Beginning with the line that holds "- 执行以下步骤,以注册将由 Arcserve", write out each line exactly as it stands until the end of the data, and include no pictures.

(Extracted material)

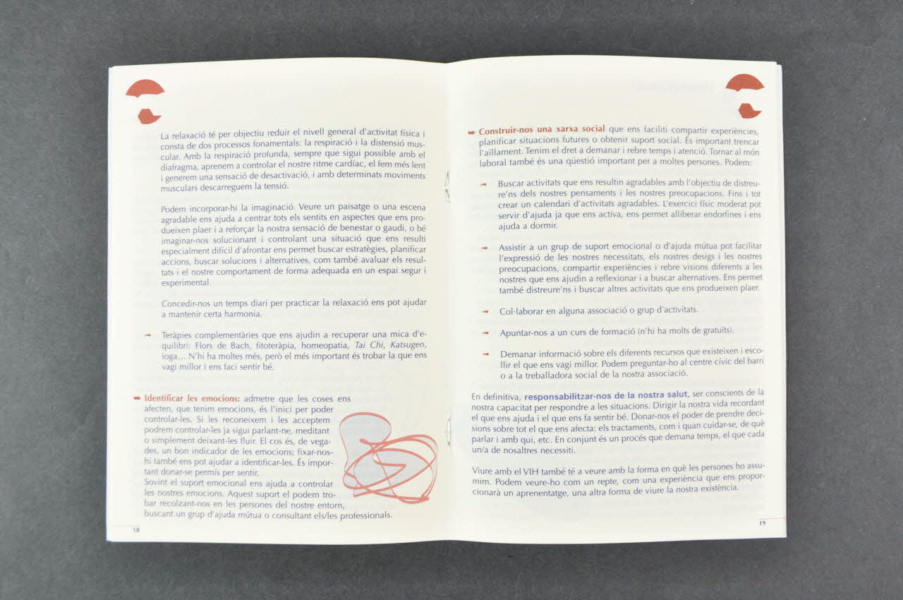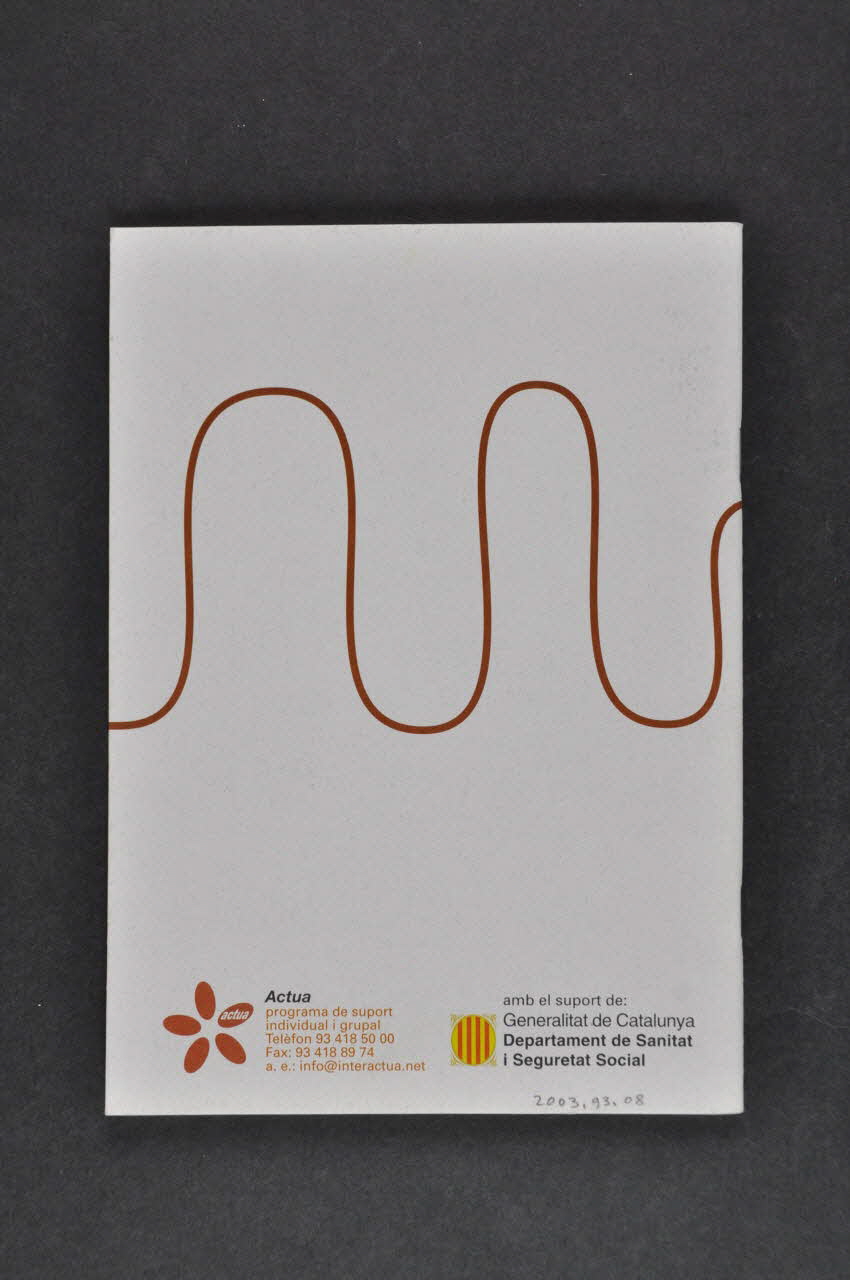 Le dos est sur fond gris et est illustré au centre, ligne courbe brune et porte, en en bas, les logos d'Actua et de la Generalitat.
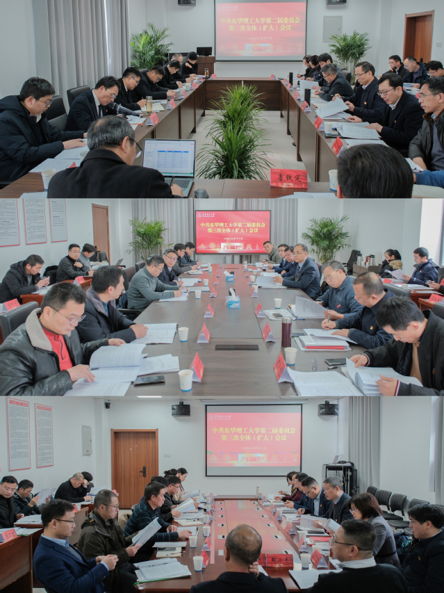 12月26日,中共三亿体育(中国)官方网站第二届委员会第三次全体(扩大)会议在南昌广兰校区召开。学校在家党政领导班子成员张福庆、徐景坤、邱建丁、杨波、刘云海、樊文印、夏菲、熊国保、王庆飞、张立亭、刘剑斌、金建华,校党委委员、纪委委员,各处级单位主要负责同志参加会议。会议由邱建丁主持。
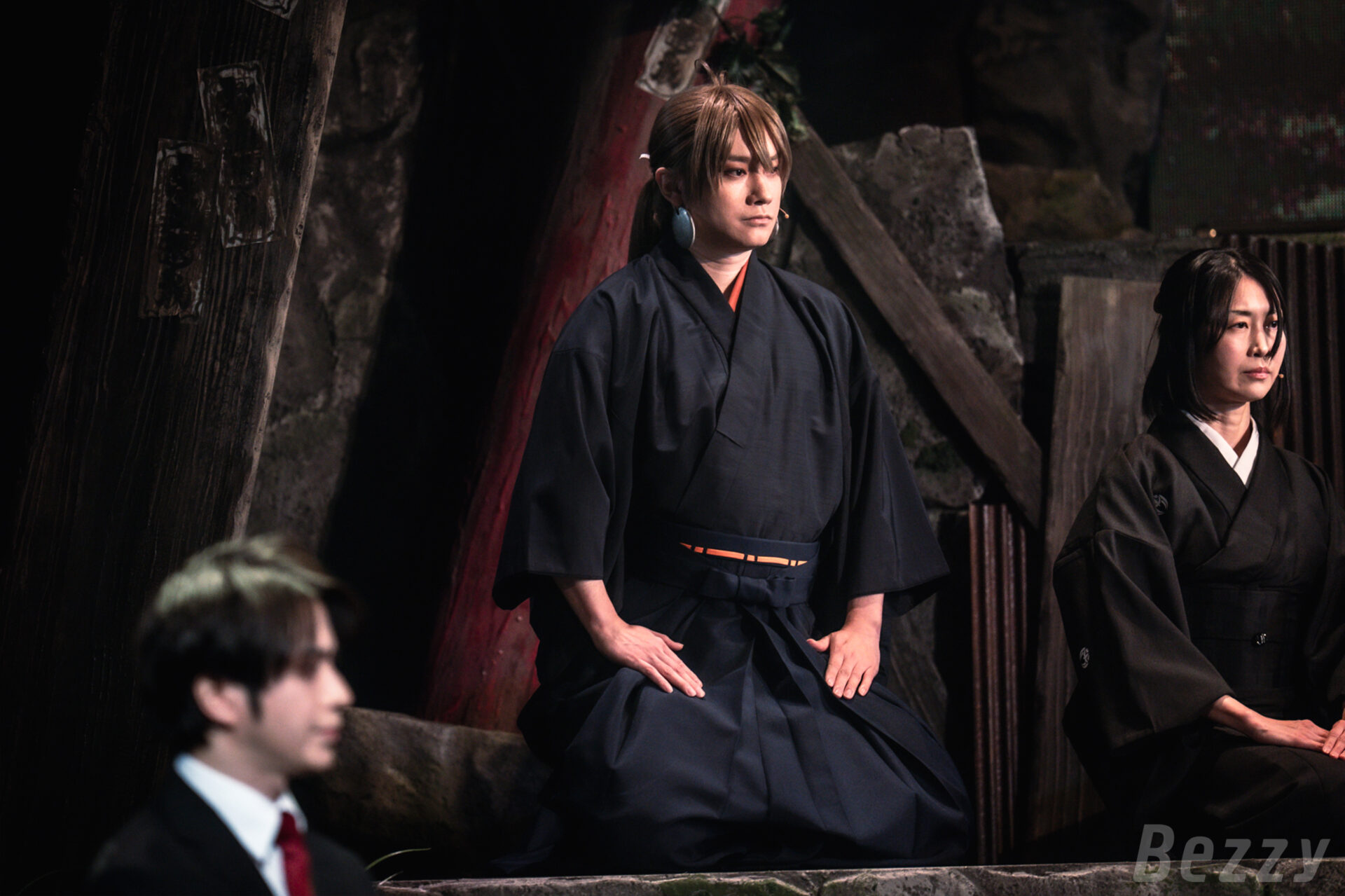 また、彼らを固める他のキャストも素晴らしい。特に今作のヒロインとも言える龍賀沙代役を演じた岡本姫奈の存在感が際立つ。2022年に乃木坂46に加入、舞台経験は2024年の『乃木坂46“5期生”版 ミュージカル「美少女戦士セーラームーン」2024』のみで、外部の舞台は初出演となる彼女。しかし本格的にバレエをやっていたというキャリアも関係するのか、立ち姿が非常に美しいし、何より声がとても良く通る。龍賀の一族に囚われながら、外の世界に憧れる沙代という役柄はこの作品のキーマンでもある難役だが、見事に演じている。ファンならずとも、今後の舞台分野での活躍が楽しみになった人も大いのではないだろうか?
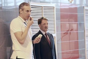 The Governor of the Voronezh Region Aleksey Gordeev congratulated the guests on the grand opening of the swimming pool and noted the concerted efforts made by the government authorities and the University during the pool's construction. In addition, on behalf of the Government of the Voronezh Region Aleksey Gordeev presented the Rector of Voronezh State University with a certificate for 500 000 roubles to buy extra sport equipment for the gym hall in the VSU swimming pool complex.
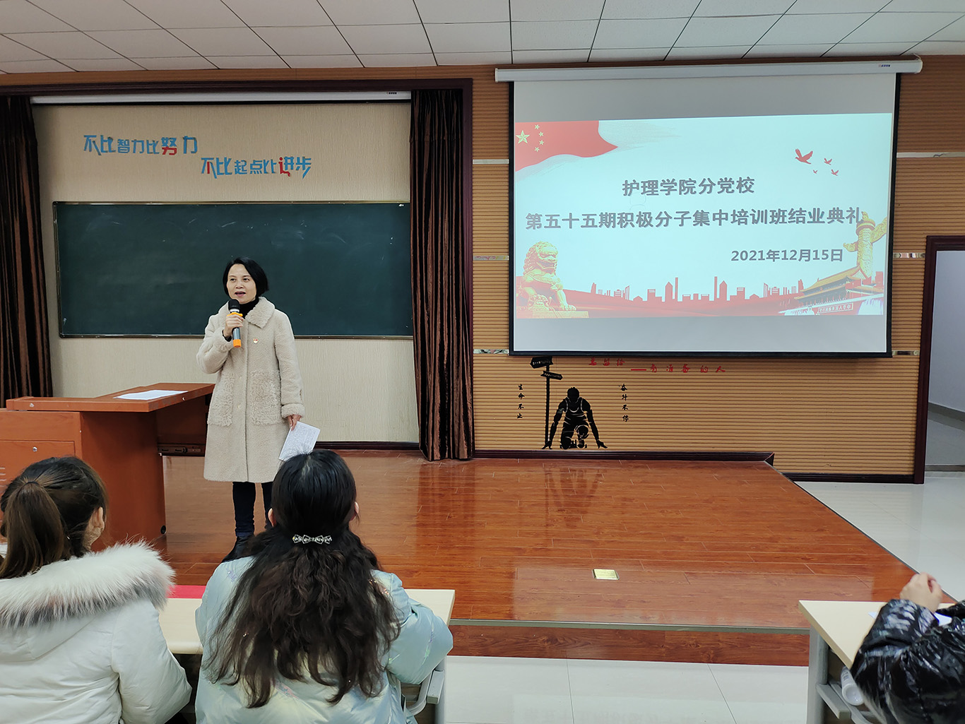 12月15日,太阳成集团tyc234cc分党校第55期入党积极分子培训班结业典礼在南校区百川楼1101教室圆满举行。公司党委书记兼公司分党校董事长杨英、副处级组织员张黎、以及全体学员参与此次会议。会议由正科级组织员曾敏主持。
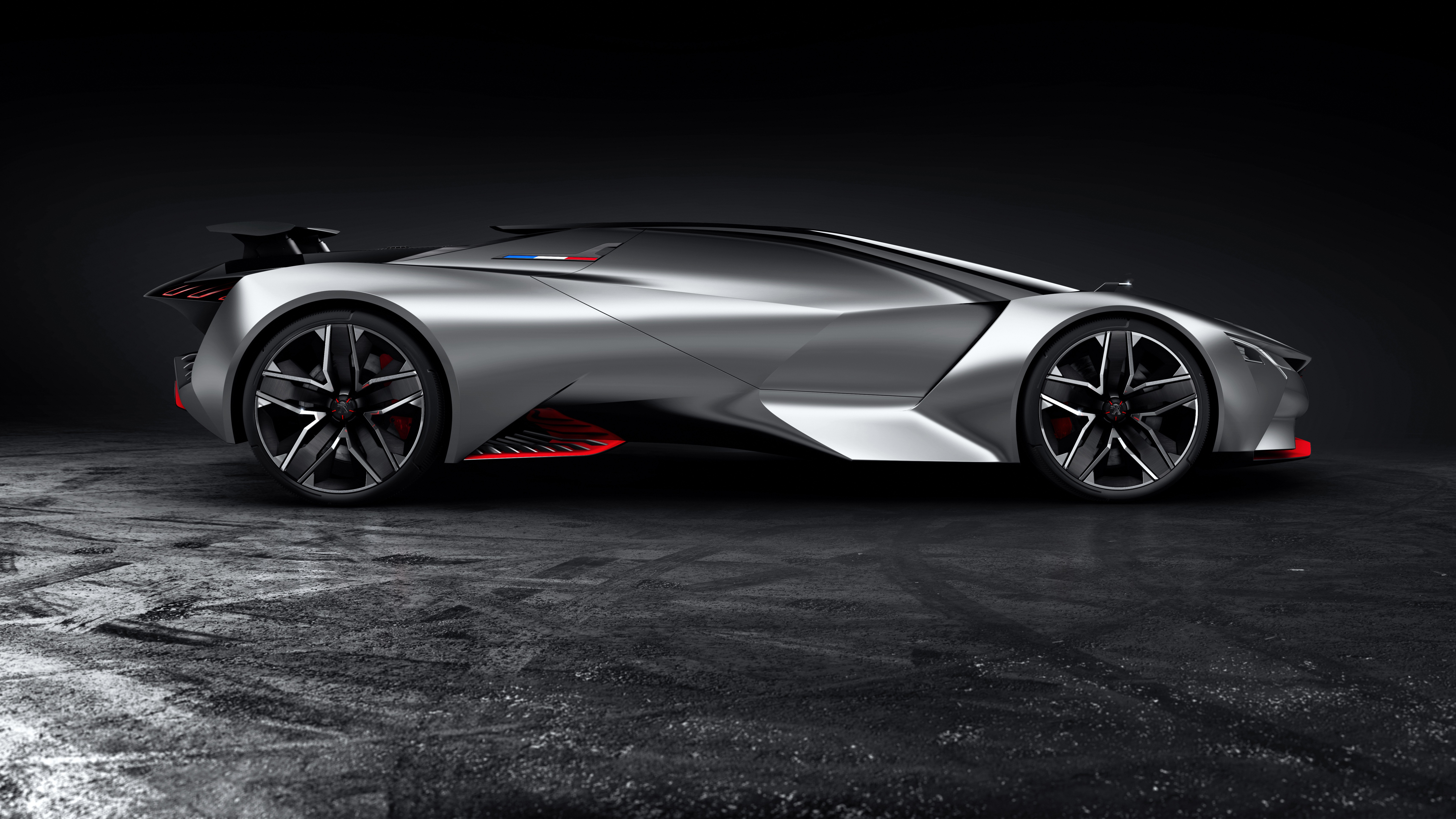 Description: A silver sports car is shown in a dark room with a black background and a red stripe on the side.
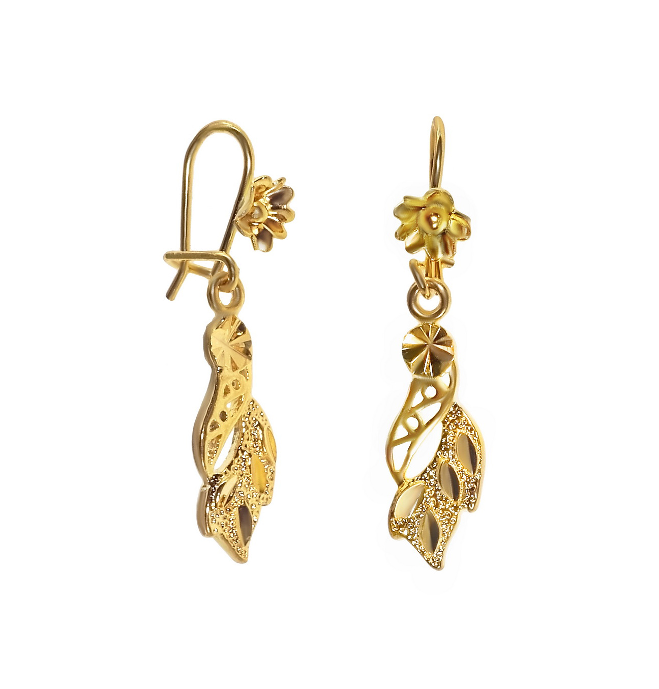 Волшебные серьги без вставок с позолотой, они богаты собственным уникальным блеском. Живописная тонкость деталей и роскошная рельефность, изобилие дорогого металла. Украшение со сложным женственным дизайном дополнит выбранный наряд и заставит чувствовать себя восхитительной.
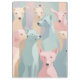 This image is a pastel-toned abstract illustration of a group of dogs in various shades of soft pink, blue, beige, and green. The composition features elegant, stylised depictions of canines, each with minimalistic yet expressive details. The background complements the figures with soft gradients and overlapping shapes, creating a dreamy and artistic atmosphere. The overall aesthetic conveys calmness, unity, and a modern, artistic vibe.
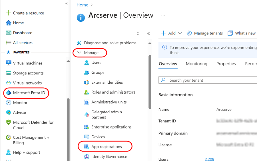 - 执行以下步骤,以注册将由 Arcserve UDP 用于与 Microsoft Azure 通信的 Microsoft Entra ID 应用程序:
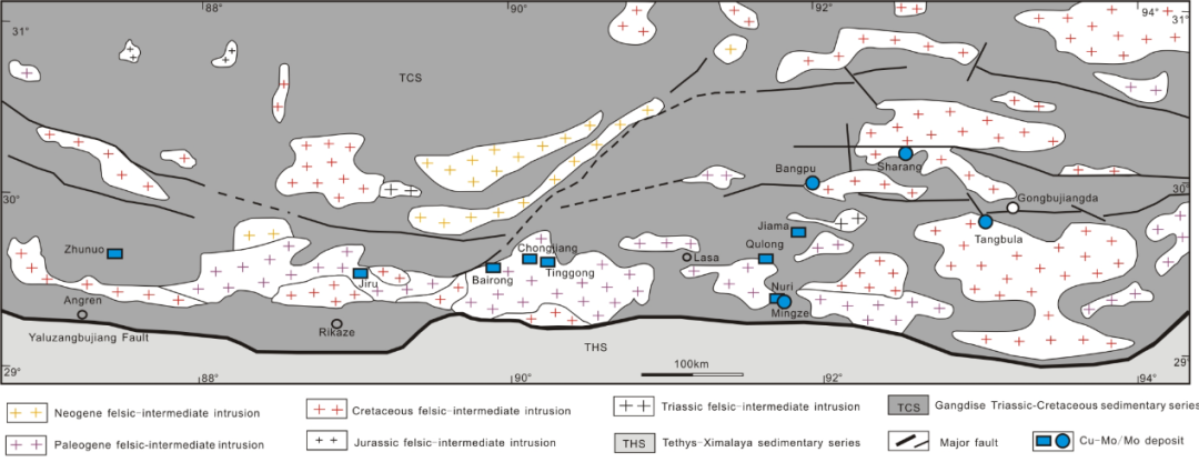 该地区以斑岩型铜钼矿为特色,如很出名的驱龙斑岩铜钼矿。矿床常产于中生代地层及中生代-新生代花岗岩中,成矿时代为新生代,成矿与新生代中酸性侵入岩有关。
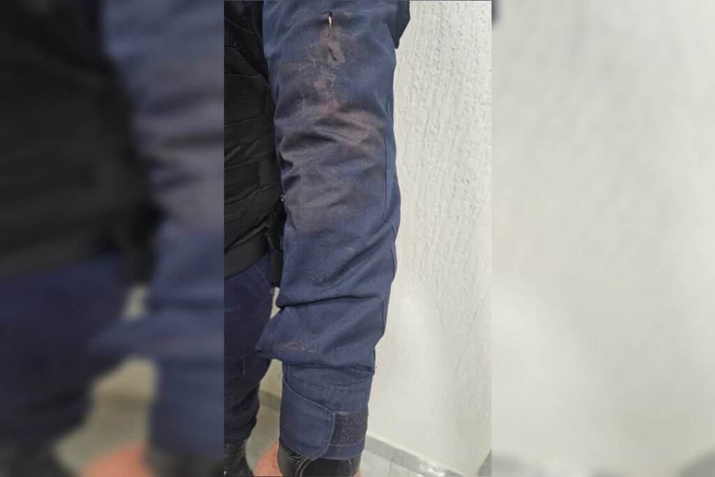 • Durante a intervenção, o agressor saiu do cômodo empunhando a faca e desferiu golpes contra um dos policiais, ferindo um sargento no braço esquerdo.
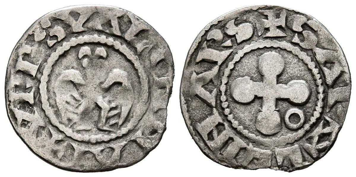FRANCIA, Obispado de Valence y Die (Anónimo). Dinero. (Ar. 1,10g/18mm). 1157-1276. (Poey D'Avant 4690). Anv: Angel de frente, alrededor leyenda: URBS VALENTIAI. Rev: Cruz, alrededor leyenda: S.APOLLINARS. MBC+. Bonito ejemplar.

(End Extracted material)

Task solution:
 - 执行以下步骤,以注册将由 Arcserve UDP 用于与 Microsoft Azure 通信的 Microsoft Entra ID 应用程序:
 该地区以斑岩型铜钼矿为特色,如很出名的驱龙斑岩铜钼矿。矿床常产于中生代地层及中生代-新生代花岗岩中,成矿时代为新生代,成矿与新生代中酸性侵入岩有关。
 • Durante a intervenção, o agressor saiu do cômodo empunhando a faca e desferiu golpes contra um dos policiais, ferindo um sargento no braço esquerdo.
FRANCIA, Obispado de Valence y Die (Anónimo). Dinero. (Ar. 1,10g/18mm). 1157-1276. (Poey D'Avant 4690). Anv: Angel de frente, alrededor leyenda: URBS VALENTIAI. Rev: Cruz, alrededor leyenda: S.APOLLINARS. MBC+. Bonito ejemplar.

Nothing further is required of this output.